Tak hanya menjadi anggota TNI saja yang memiliki pertimbangan jika salah berperilaku. Menjadi istri seorang prajurit TNI, rupanya juga harus bertanggung jawab yang tak mudah.
Setelah menikah nanti, istri para prajurit TNI akan tergabung dalam organisasi bernama Persit (tentara persatuan istri) Kartika Chandra Kirana untuk TNI AD, Pia Ardhya Garini untuk TNI AU, dan Jalasenastri untuk TNI AL. Salah satu tugas mereka adalah mendampingi kinerja sang suami.
Tidak hanya itu, menjadi bagian dari keluarga TNI juga harus mengamalkan sapta marga TNI. Salah satunya adalah ideologi bangsa.
dan syarat " yang harus kembali Rini dan Ansar lakukan ."
Nah, sebelum jadi istri, rupanya ada yang mau dijalani. Tak hanya itu, calon istri anggota TNI juga harus memenuhi 16 syarat yang sudah ditentukan.
Apa saja syarat-syarat tersebut?
Surat permohonan izin menikah. Surat ini harus diurus oleh calon suami sebagai anggota TNI yang ditandatangani oleh komandan kompi. Surat ini harus diperbanyak sebanyak sepuluh lembar.
Surat kesanggupan calon istri. Surat ini harus ditandatangani oleh calon istri dan juga telah diberi materai 6.000 dan diakui oleh aparat desa setempat.
Surat persetujuan orang tua atau wali calon istri yang ditandatangani oleh orang tua. Surat ini juga harus diakui oleh pemerintah desa domisili orang tua atau wali calon istri.
Surat Keterangan belum menikah. Surat ini oleh pemerintah desa setempat atau KUA lokal.
Surat Keterangan menetap orang tua dan orang tua calon istri. Surat ini diketahui oleh aparat desa dari orang tua atau wali.
__ADS_1
Surat bentuk sampul D. Surat ini dapat diperoleh dari kodim atau koramil di domisili calon istri dan orang tua. Surat ini ditujukan untuk Komandan Kodim, Pasi Intel, Pasi Ter, dan Danramil.
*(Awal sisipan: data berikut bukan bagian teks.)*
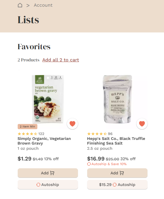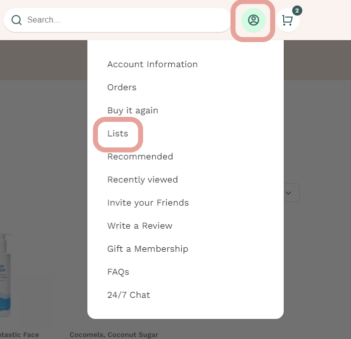 Once signed in, you can access your shopping lists by hovering your mouse over the Account icon next to the search bar.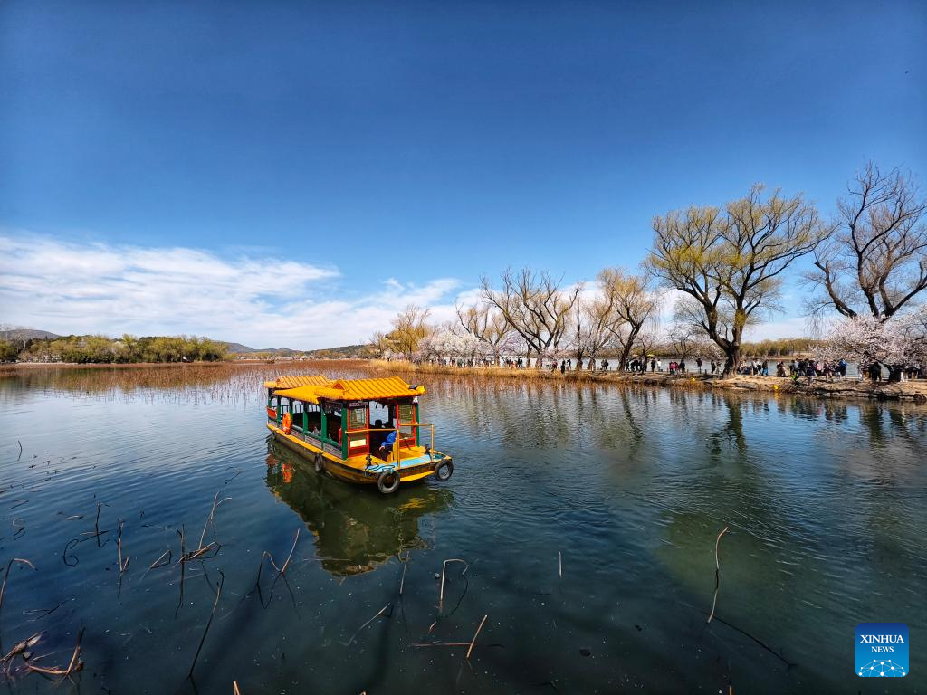 Imagen tomada con un celular el 19 de marzo de 2025 de personas navegando en botes mientras disfrutan de las flores en el Palacio de Verano, en Beijing, capital de China. (Xinhua/Xu Jinquan)
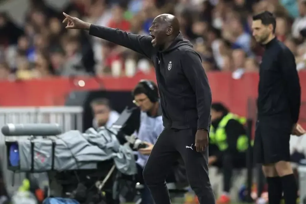 | L'entraîneur de Reims, Samba Diawara, lors du match de L1 à Nice, le 2 mai 2025. |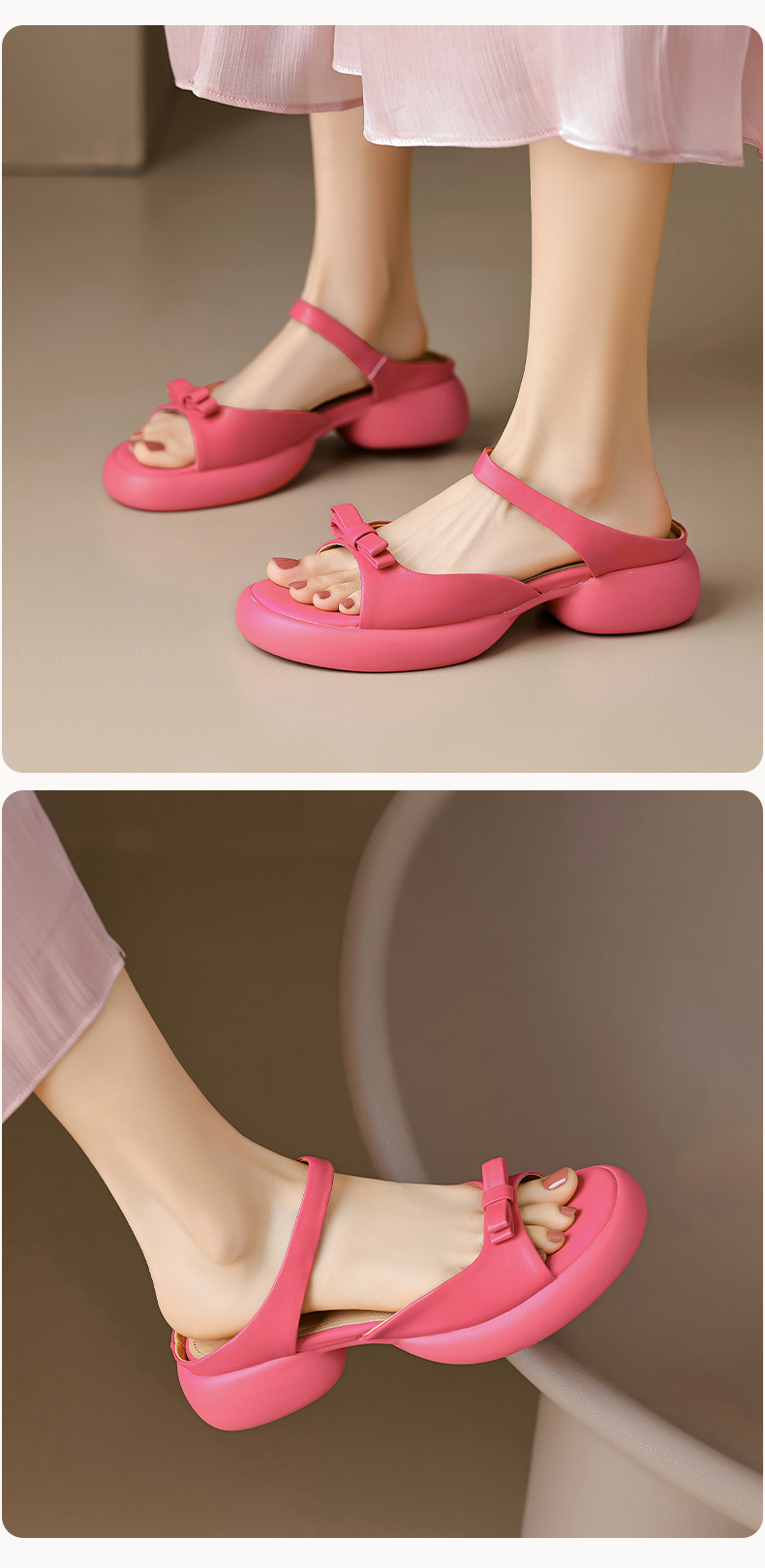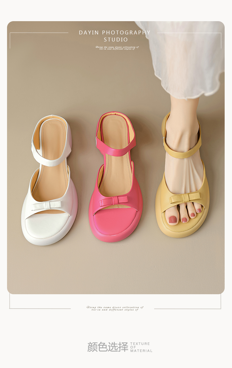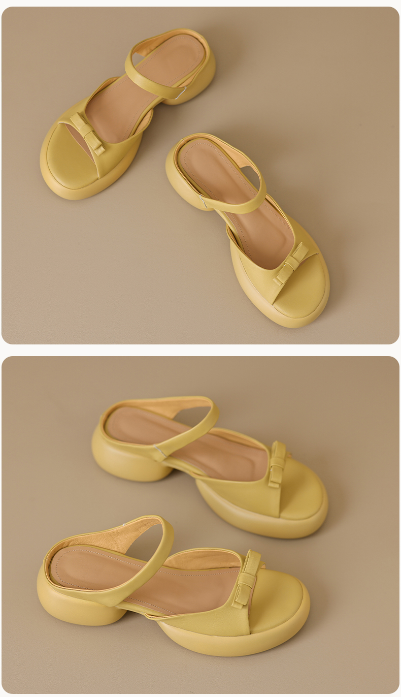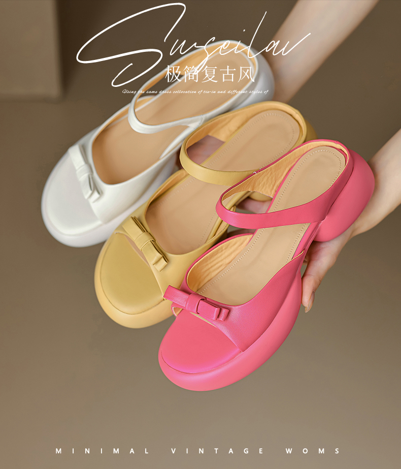 爆款踩屎感,轻便厚底蝴蝶结一字带凉拖鞋MLD-D6060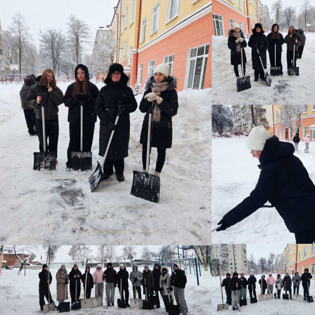Все дружно вышли, чтобы освободить школьную территорию от снежного покрова.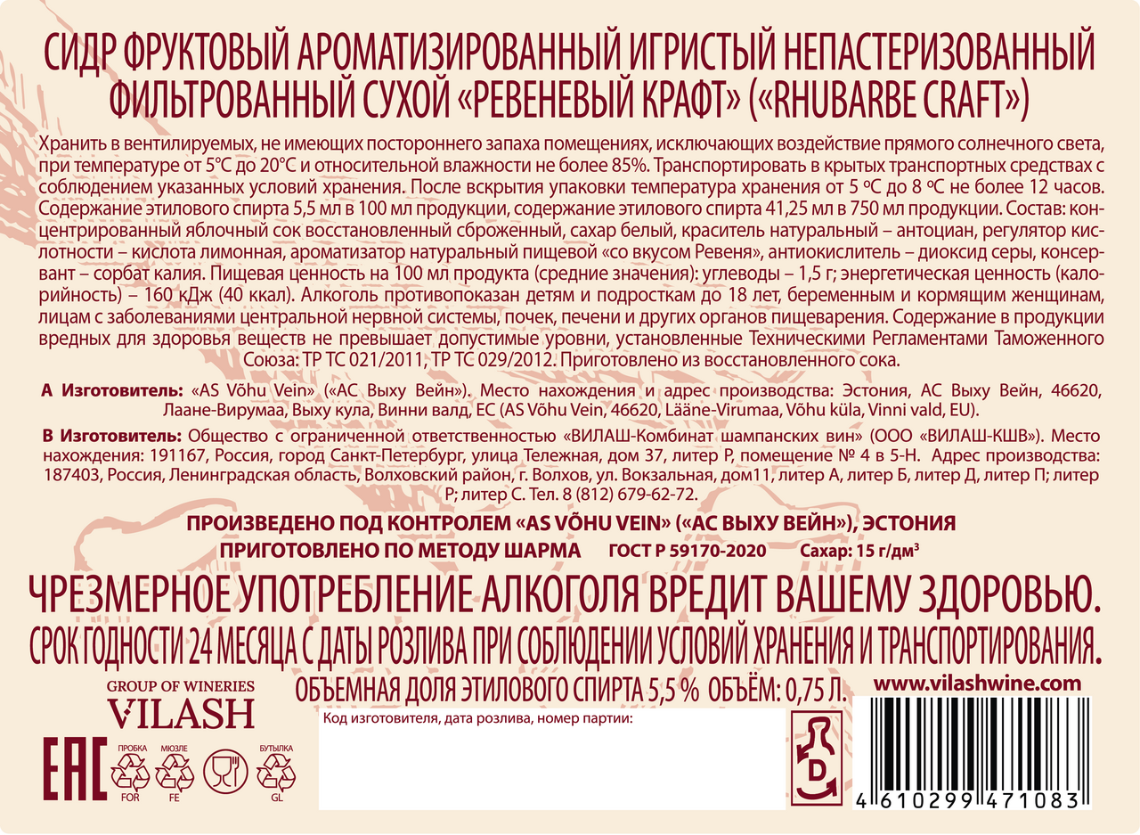 Яблочный сок сброженный, ревеневый сок, регулятор кислотности лимонная кислота, диоксид серы, сорбат калия.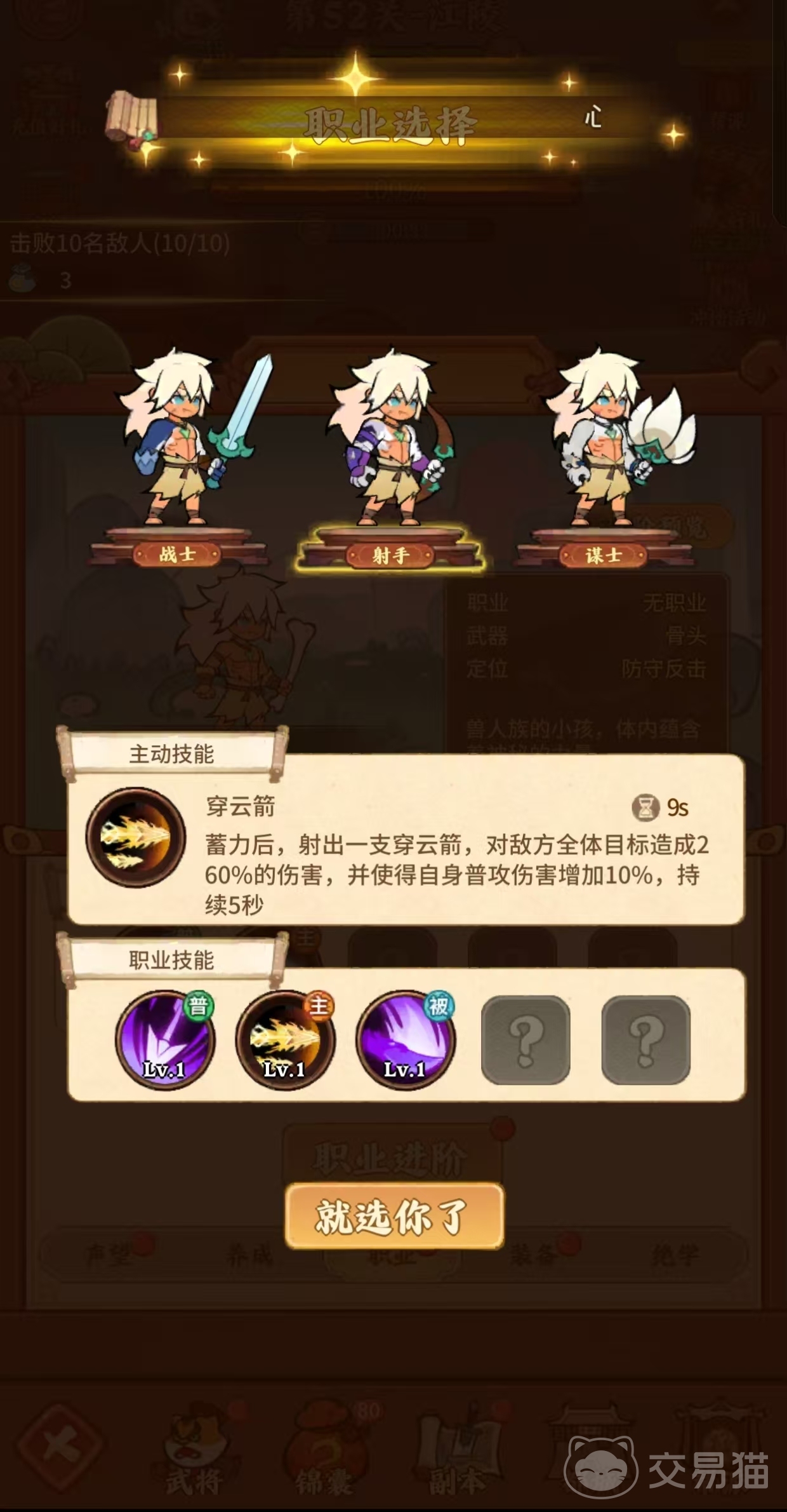 第二个射手职业,他们拥有极快的攻击速度和超高的暴击率,射手的普攻技能是单体远距离攻击,对最远的目标造成120%的普攻伤害;主动技能是蓄力后,射出一支穿云箭,造成巨大伤害;同时射手的被动技能是强化普攻,使普攻的伤害更高。所以喜欢策略和远程操控的玩家,可以试一试射手这个职业。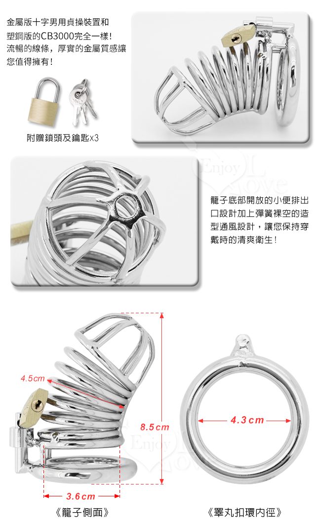 ※ 睪丸扣環內徑為4.3公/寬約0.8公分;十字籠子內直徑為3.6公分;長約8.5公分專為亞洲人而設計。

Surat ini diperlukan untuk mencari tahu apakah calon istri atau calon mertua tidak pernah mengikuti gerakan atau organisasi mengambil alih NKRI.
Dokumen N1 untuk menyetujui surat yang akan disetujui yang disetujui dan ditandatangani oleh aparat desa.
Dokumen N2 untuk menyatakan asal – usul calon istri dan yang diakui pemerintah desa.
Dokumen N4 untuk menyetujui keterangan tentang calon pendaftar yang diakui oleh aparat desa setempat.
Surat Pernyataan dari calon istri dan calon suami yang diketahui oleh aparat desa setempat.
SKCK calon istri dan kedua orang tua.
Akta kelahiran calon suami dan calon istri.
Fotokopi KTP calon istri dan kedua orang tua calon istri.
Pas foto gandeng 6 × 9 menggunakan pakaian PDH dan Persit tanpa lencana berlatar biru sebanyak 12 lembar.
Pas foto calon istri 4 × 6 menggunakan pakaian Persit sebanyak lima lembar.
Setelah seluruh dokumen lengkap, calon istri anggota TNI harus berhadapan dengan calon bersama. Di sana, dia harus mengikuti ujian tertentu seperti:
__ADS_1
Pemeriksaan Penelitian Khusus
Calon istri akan membahas soal pengetahuan umum dan kewarganegaraan serta pandangan tentang organisasi ilegal di NKRI.
Pemeriksaan Kesehatan
Tes kesehatan ini biasanya dilakukan di RS TNI. Calon calon mempelai harus melakukan pemeriksaan kesehatan lengkap.
Pembinaan Mental
Kedua calon mempelai akan menghadap ke Disbintal TNI untuk mendapatkan pembinaan sebelum menikah. Mereka akan diberikan pertanyaan tentang masing-masing pertanyaan.
Setelah itu, kedua mempelai juga akan mendapatkan nasihat dari petugas terkait bagaimana meminta bahtera rumah tangga.
Menghadap ke Pejabat Kesatuan
Setelah semua tes dijalani, peserta harus melaporkan hal tersebut.
Menikah Secara Catatan Sipil
Begitu persyaratan kedinasan telah dijalani dan disetujui, dapat diterima dengan catatan sipil.